The days of fat pension gains may be over for Qwest. In part because the plan’s actual return for 2000 was negative, the deferred gains—technically called unrecognized net actuarial gains—stockpiled during the bull market fell from $4.6 billion to $2.9 billion (Table 4).

Deferred gains can arise when actual returns exceed expected returns. Such gains are put into a pot, along with gains and losses from other pension items, such as changes in assumptions about future salaries. If the pot becomes big enough, some of it is required to spill over into net income. In 2000, Qwest recognized $58 million (Table 1) of its deferred gains—technically called net actuarial gains. But with deferred gains dwindling, less will be available to boost the bottom line in the future, says Pegg. More troublesome, if the plan’s assets continue to shrink, so will the expected returns that nearly erased Qwest’s red ink in 2000.

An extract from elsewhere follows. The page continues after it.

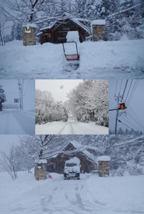 気温はー5℃なのにアスファルトの上はシャーベット状でとても重たい雪。

It’s a good bet that Qwest is not alone. So check the footnotes in those financial statements to find out whether an ugly surprise may be lurking in the form of fading pension income.

Corrections and Clarifications

The Fine Print (BusinessWeek Investor, Feb. 4) reported that IBM’s pension fund boosted its 2000 earnings by $824 million, or 7% of pretax income. This reflects the impact of IBM’s U.S. pension fund alone. When IBM’s non-U.S. plans are included, pension income boosted 2000 earnings by $1.171 billion, or 10.2% of pretax income.